The collections' first objects came from Charles Daniel de Meuron's cabinet of natural history donated to the city in 1795. The cabinet included two hundred ethnographic pieces, originating in Oceania, Asia and Africa (by order of abundance). During the early 19th century, the collections were a mix of objects that would later form the basis for the museums of Natural History, Arts and History and Ethnography. Throughout the century, the ethnographic collections grew in size and were moved around multiple times, often lacking sufficient space according to their curators.

===The museum on Saint-Nicolas's hill===
In 1902,James-Ferdinand de Pury bequeathed his villa on Saint-Nicolas's hill to the city of Neuchâtel, under condition that it be turned into an ethnographic museum. The villa was renovated by Léo Châtelain who had also been the villa's architect. Finally, the ethnographic museum was inaugurated on July 14, 1904.

Since 1904 the collections kept growing thanks, on the one hand, to the donations of numerous travelers, merchants, scholars, and missionaries from Neuchâtel, and on the other hand due to the acquisitions of targeted objects, in Neuchâtel, abroad, and during scientific expeditions. The museum also exhibits diplomatic gifts received by Switzerland. For example, a group of dolls wearing traditional costumes of multiple people from the Soviet Union.

The museum has gathered a significant collection of contemporary objects, mass made by industrial means. These objects are part of the museum's reflection on itself and what brings an object to be considered worthy of being in a museum.

=== Buildings ===
Over the years two buildings were added to the Villa de Pury and completed the museum. First, the Black Box, built in 1954–1955 during the tenure of Jean Gabus. It hosts temporary exhibitions. Its facade is decorated with a massive 166.5 m^{2} fresco, Les Conquêtes de l'homme, painted by Hans Erni. The fresco was completely restored in 1986. Also in 1986, a building for the Ethnology Institute of the University of Neuchâtel was built and links the Villa de Pury to the Black Box. The institute includes a library shared between the museum and the university. In 2004, the museum celebrated its centenary with numerous events.

Due to the lack of space, a competition for an extension was announced in 2004 to mark the 100th anniversary of the museum. Raphael Zuber and Helena Brobäck won first prize together with Conzett Bronzini Gartmann, but the project was not realized and another project was implemented at a later date. Christian Kerez was one of the members of the jury.

The Villa de Pury was renovated and its contents were reorganized from 2015 to 2017. Following this reorganization, the new reference exhibition, L'impermanence des choses opened its doors on November 26, 2017. The Black Box was also renovated, the collections that occupied the basement were moved to a deposit outside of the MEN freeing the space for exhibitions.
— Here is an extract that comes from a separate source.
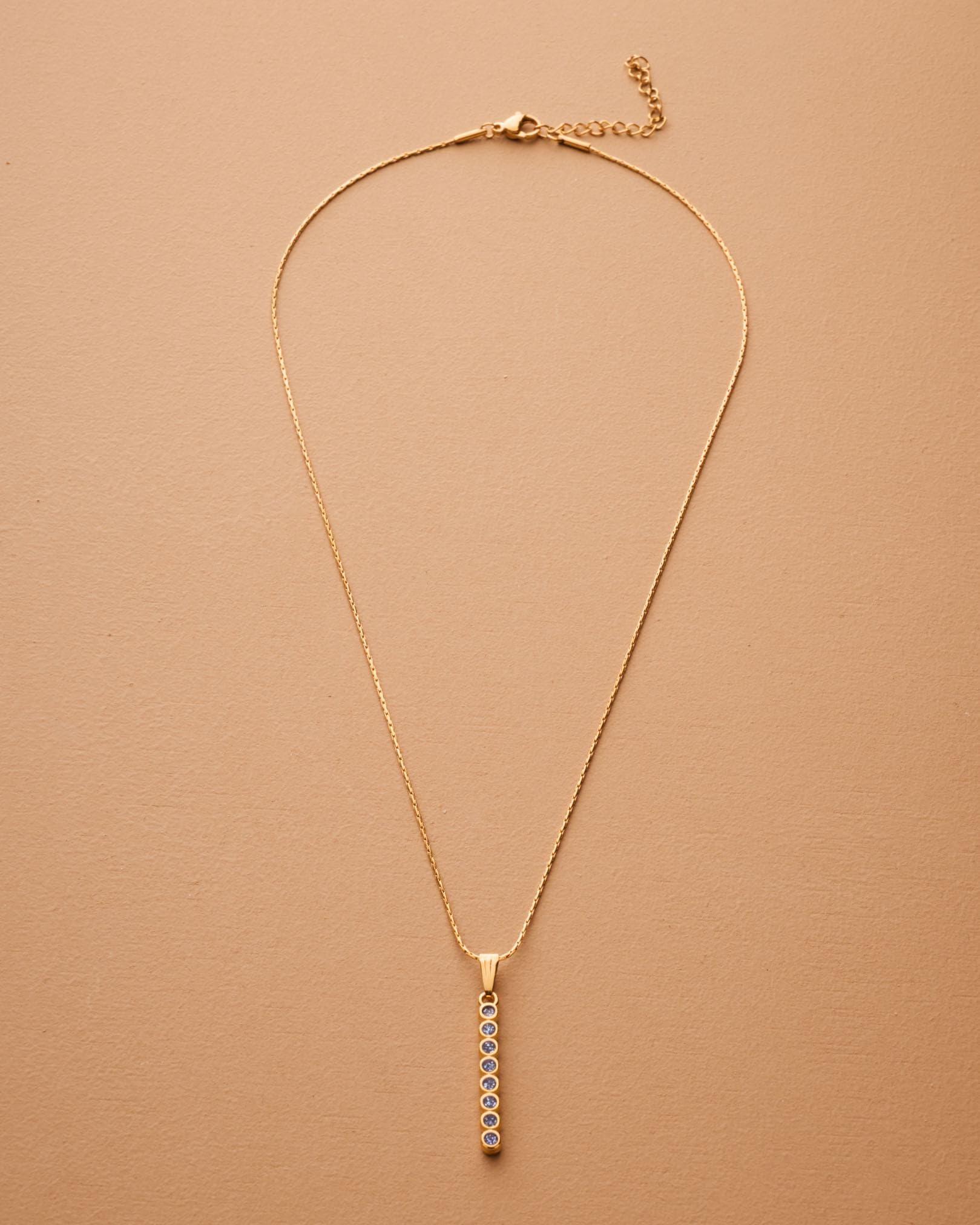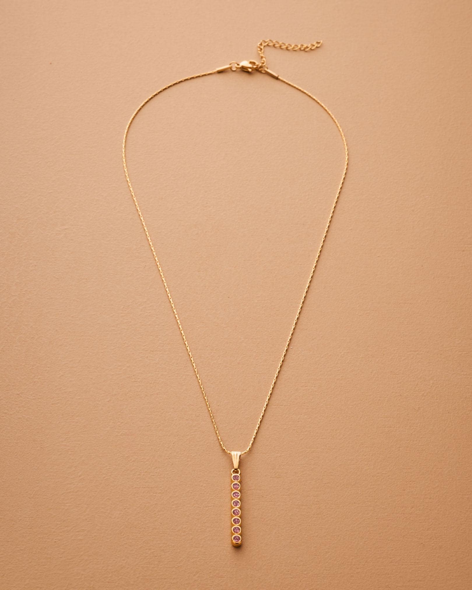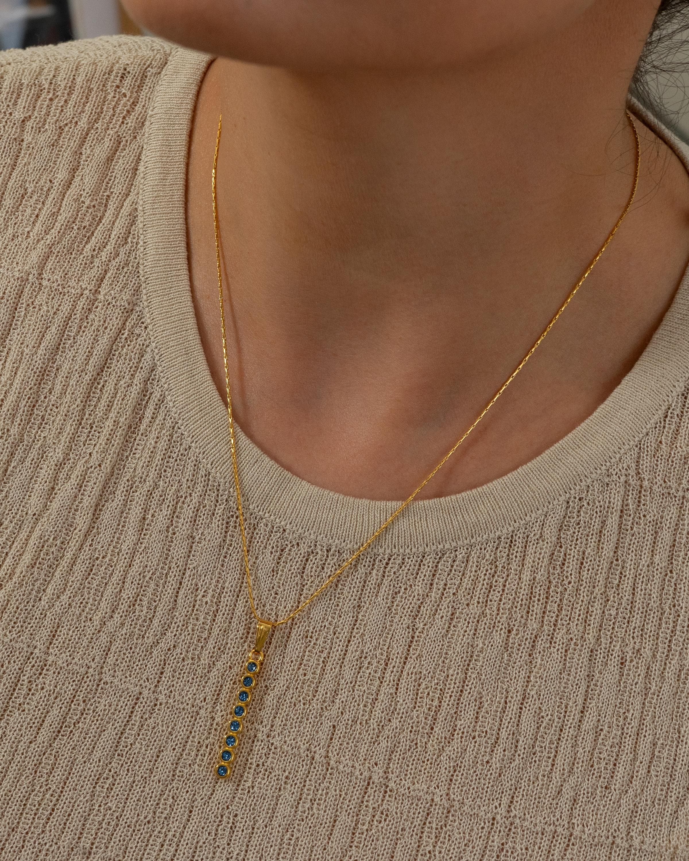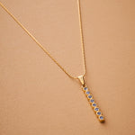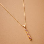 This gold stick pendant necklace features a vertical charm adorned with sparkling round glitter settings, available in Navy Blue or Pink. Designed with a durable stainless steel chain and gold-plated finish, this piece is perfect for layering or wearing alone. Lightweight and easy to style, it adds a subtle pop of color and shimmer to your everyday look.

During the year 2023, the stored collections (as well as those of the natural history museum, the Musée d'Art et d'Histoire and of the botanical garden) will join a deposit in Serrières, to the west of Neuchâtel.

== Exhibitions==
Since the 1980s, under the leadership of Jacques Hainard and his successors, the MEN has developed a "museology of rupture" (muséologie de la rupture), an original approach to exhibitions that contributed to its popularity. This exhibition policy questions the audience's perception of the objects, their roles and meaning inside the museum. The role of the museum as a social institution is also studied.

Since the addition of the Black Box in the 1950s, the museum has given diverging exhibition tenets to its two buildings. The villa hosts the reference exhibitions and is focused on the collections and museology subjects. The Black Box welcomes temporary exhibitions. These will develop a discourse that is supported by a mix of objects from the collections and new objects, bought specifically for the exhibition.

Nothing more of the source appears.